Bacterial resistance to antibiotics is a major public health issue. The quantification of antibiotic accumulation is a crucial parameter that determines the antibiotics’ activity and is useful for the development of new antibacterial molecules. At the bacterial scale, UV fluorescence microscopy allows for tracking the kinetic accumulation of an antibiotic.
In this study, the MCT (Aix-Marseille University) and DISCO (Synchrotron SOLEIL) teams combined UV fluorescence microscopy results obtained at the DISCO beamline with cryo-X-ray fluorescence microscopy at the ID16A beamline (ESRF) to quantify antibiotic accumulation in isolated bacteria. These results open up a new avenue for studying metal-based antibiotics, which are receiving growing interest.
The activity of antibiotics depends on their ability to accumulate inside bacteria. Overproduction of efflux pumps (proteins located in the bacterial membrane, capable of exporting antibiotics out of the cell), coupled with the loss or reduction of porin production (proteins present in the outer membranes of certain bacteria, forming channels that allow antibiotic entry), often leads to a decrease in intracellular antibiotic concentration below a critical threshold for their activity, resulting in multidrug resistance bacterial phenotypes. In this context, quantifying antibiotic accumulation is crucial for guiding the development of new antibacterial molecules that limit recognition by efflux pumps and optimize their permeation through the outer membrane.
For several years, the MCT unit - Membranes and Therapeutic Targets - at Aix Marseille University has developed approaches based on the intrinsic fluorescence properties of certain antibiotics used in human therapy, such as fluoroquinolones. At the bacterial population level, spectrofluorometry provides a robust means to quantify antibiotic accumulation after different exposure times. At the single-bacterium level, UV fluorescence microscopy based on synchrotron radiation allows the tracking of antibiotic accumulation kinetics. However, this single-cell approach is limited by its spatial resolution of about 100 nm and the lack of fluorescence calibration, which prevents quantifying antibiotic concentrations in isolated bacteria. X-ray fluorescence (XRF) microscopy appears as a promising technique to overcome these limitations.
To quantify and localize antibiotic accumulation in isolated bacteria, a metal derivative of fluoroquinolone was used - the metal presence being detected by XRF. Its intracellular quantification in E. coli bacteria with or without efflux pumps provided results similar to those obtained by UV fluorescence techniques at the DISCO beamline using the "non-metallic" fluoroquinolone (Figure 1), validating the use of this derivative for this study. Moreover, using XRF under cryogenic conditions to quantify antibiotic accumulation allowed the visualization, at very high spatial resolution (20 nm), of antibiotic distribution within isolated bacteria (Figure 2). These results open a new path for studying metal-based molecules with antibacterial activity using XRF microscopy.
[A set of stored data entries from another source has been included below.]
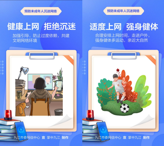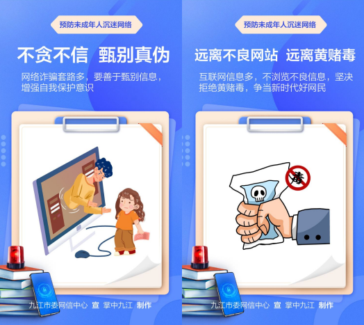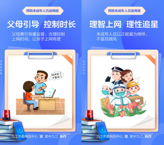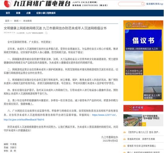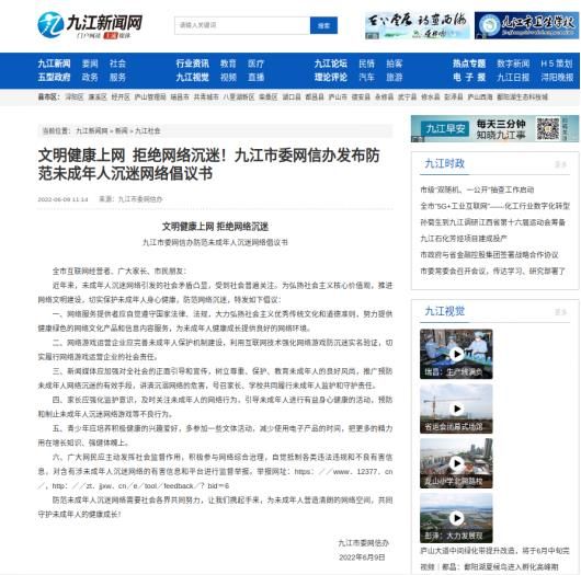 在全市各级网络媒体发布《文明健康上网 拒绝网络沉迷!九江市委网信办发布防范未成年人沉迷网络倡议书》,倡议社会各界共同努力防范未成年人沉迷网络,做预防未成年人网络沉迷的践行者和传播者。
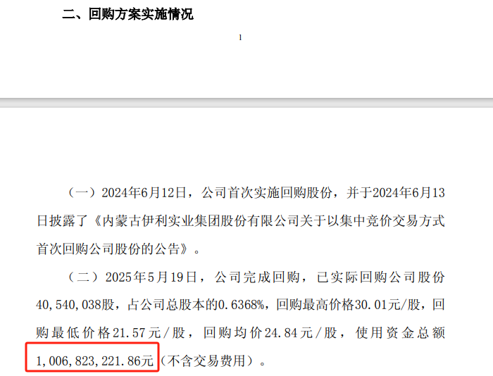 2025年5月20日,伊利股份发布股份回购实施结果暨股份变动的公告。2025年5月19日,公司完成回购,已实际回购公司股份约4054万股,占公司总股本的0.6368%,回购最高价格30.01元/股,回购最低价格21.57元/股,回购均价24.84元/股,使用资金总额约10.07亿元。其中,公司年内回购额超过2亿元。
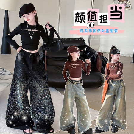 1*3收藏“2611美式上衣满眼星河全钻牛仔裤套装”
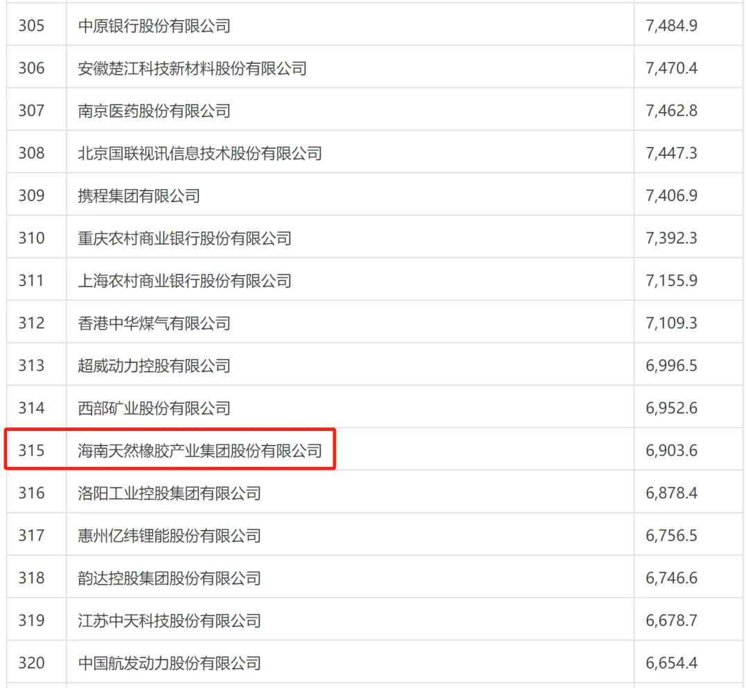 7月22日,財富中文網(wǎng)正式發(fā)布2025年《財富》中國500強排行榜。海南橡膠憑借2024年度6903.6百萬美元的營業(yè)收入成功上榜,位列第315位。
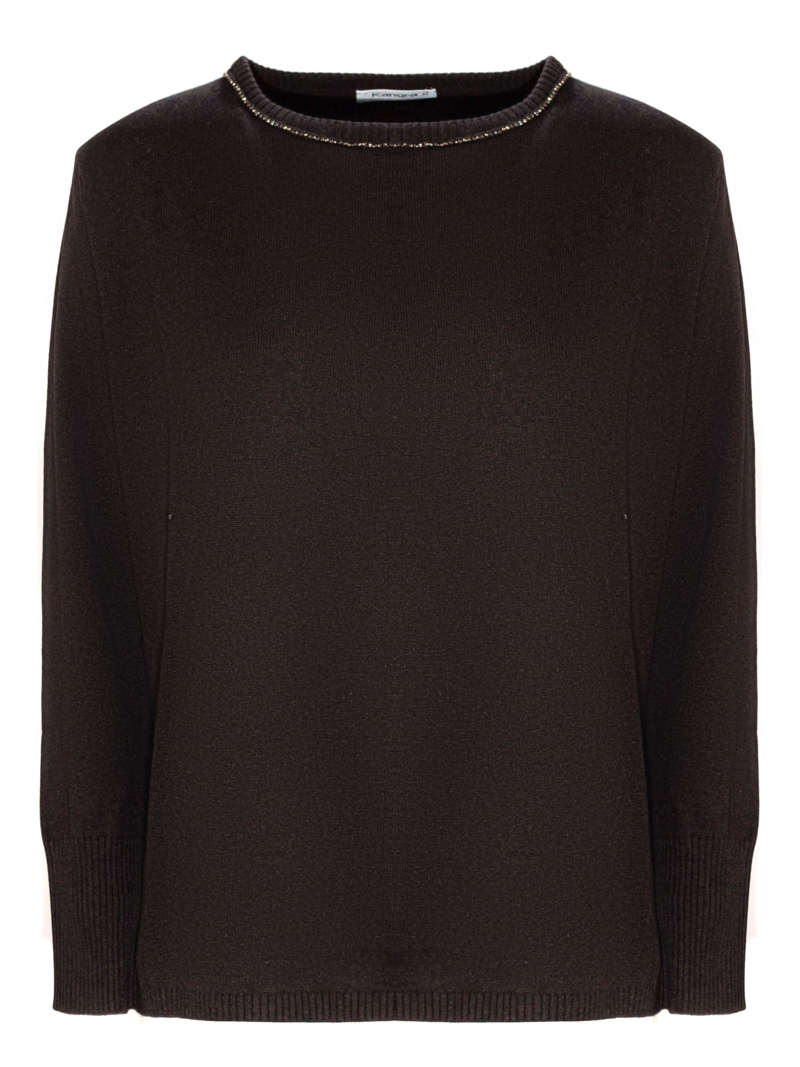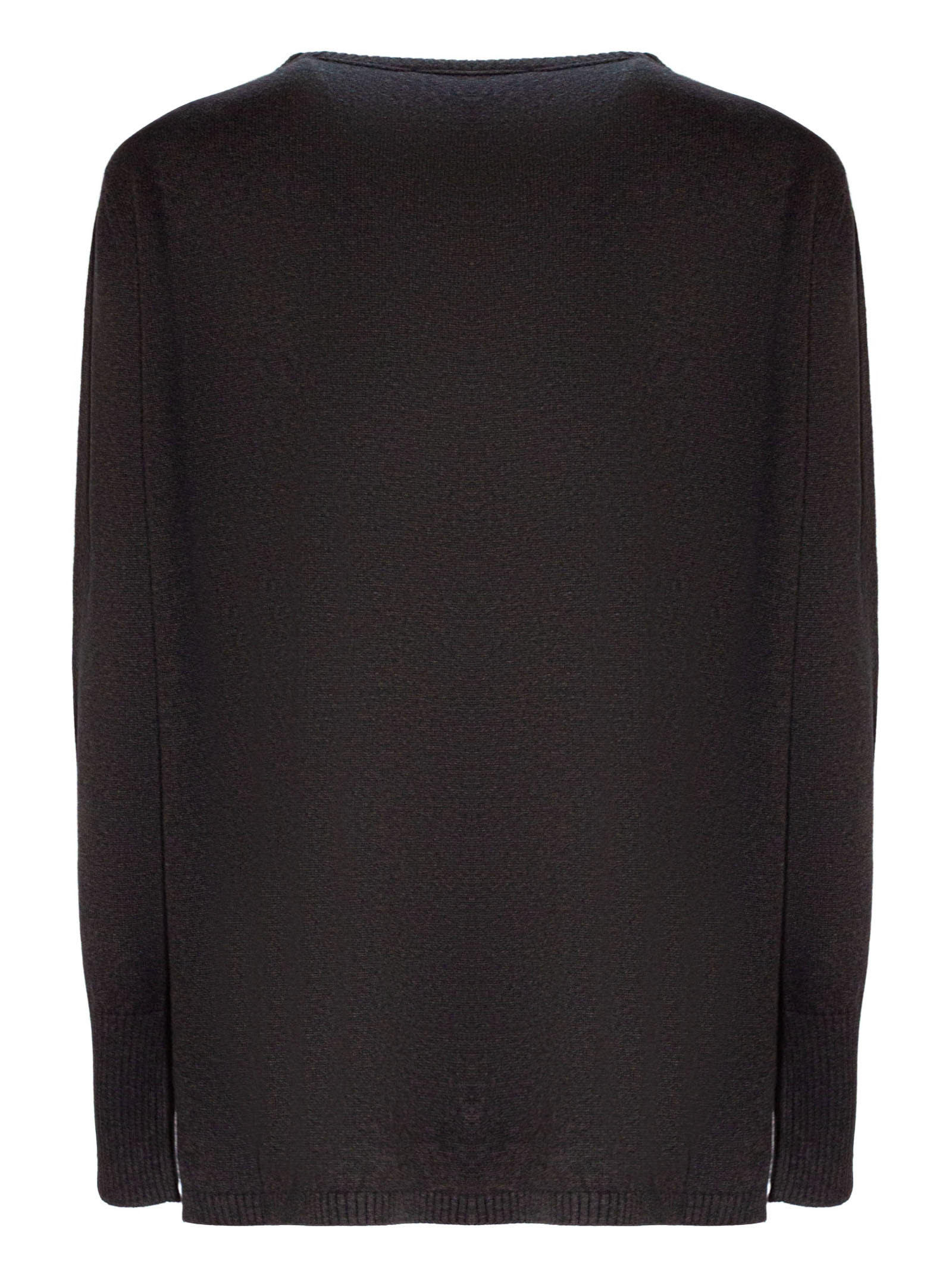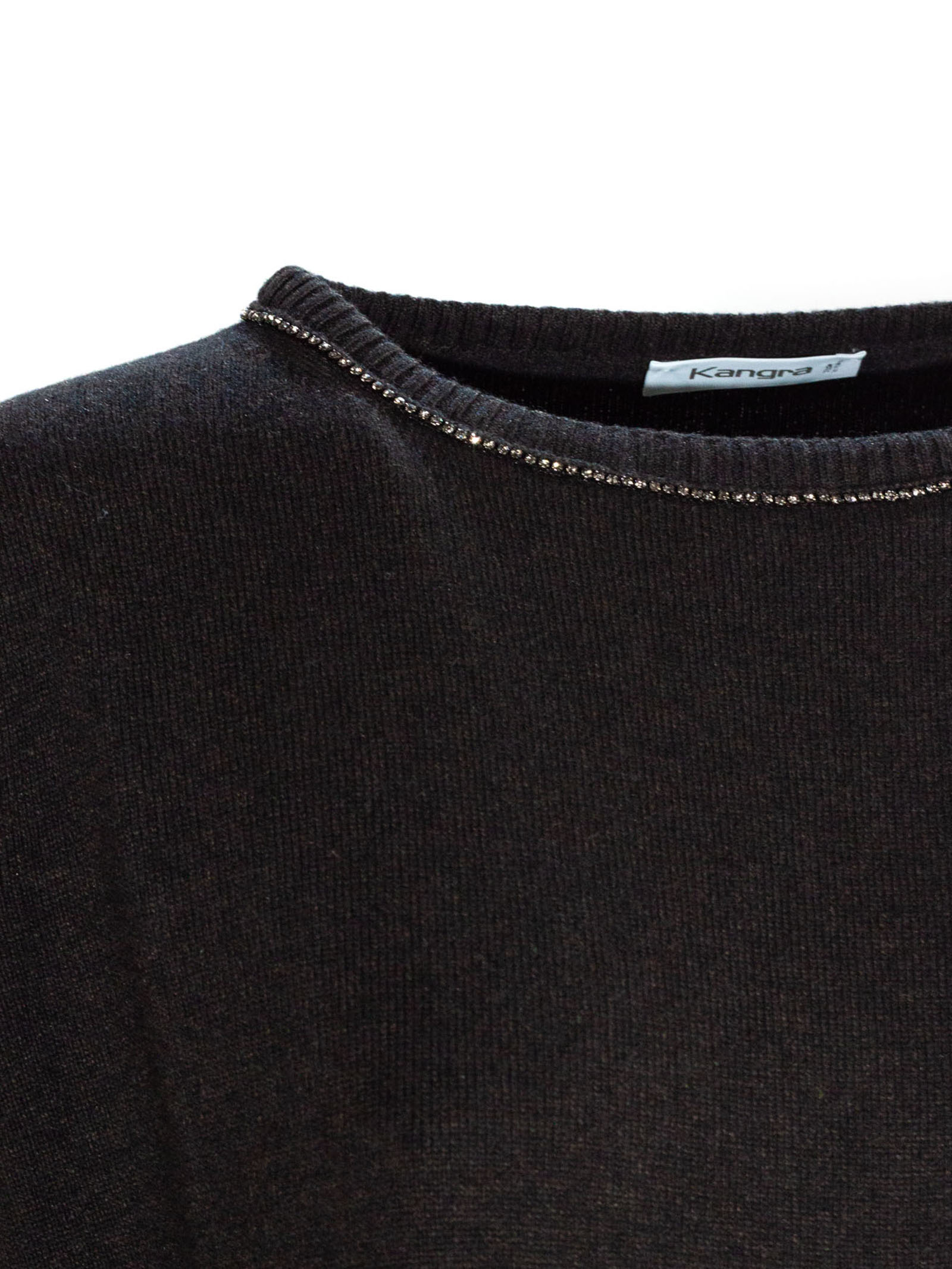 Fine gauge 12 stockinette sweater with side slits, featuring a clean, essential line. The boat neckline is embellished with refined trimmings and decorative stonesa luminous detail that adds a sophisticated, feminine touch, perfect for enhancing even the most minimal outfits
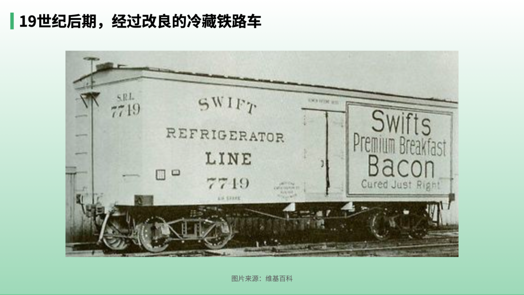 不要小看这个方法,这极大程度延长了食品的储存和运输周期,减弱了易损食品的季节性价格波动,丰富了美国消费者餐桌上的食品选择。《美国增长的起落》一书对这项技术评价颇高,认为在19世纪90年代,人体营养的改善有一半功劳来自“制冷”。
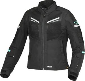 Nivala Damen wasserdichte Motorradjacke Textil, Schwarz/Blau, XS

Figure 1: Monitoring antibiotic accumulation (CIP: ciprofloxacin, a fluoroquinolone antibiotic; CuCIP: copper-coupled derivative) in isolated bacteria by UV fluorescence microscopy. AG100 and AG100A are Escherichia coli strains with and without efflux pumps, respectively.

Figure 2 : (A) Localization of copper in bacteria after a 15-minute incubation with and without CuCip (upper and lower panels, respectively). (B) Quantification of copper (ng/bacteria) in each condition.
High-resolution spatial microscopy techniques are essential tools for the structural study of biological samples. The synchrotron approaches used each have their unique characteristics that allow the sample to be studied from different perspectives. Observing living cells with UV fluorescence microscopy or near-native state cells with cryo-SXT (Soft X-ray Tomography) and XRF microscopy offers a significant advantage: the absence of chemical treatments during sample preparation. The preservation of the structure and chemical composition of a sample is indeed crucial. Cryo-electron microscopy, which could not be used during this project, is also among the techniques that allow the study of biological samples close to their native state. The complementarity of these approaches enhances the overall understanding of the structure and composition of a sample.
Furthermore, synchrotron-based imaging techniques enable the tracking, quantification, and localization of antibiotic accumulation, which is necessary to understand and overcome the mechanisms behind the reduction in antibiotic accumulation and to combat multidrug resistance.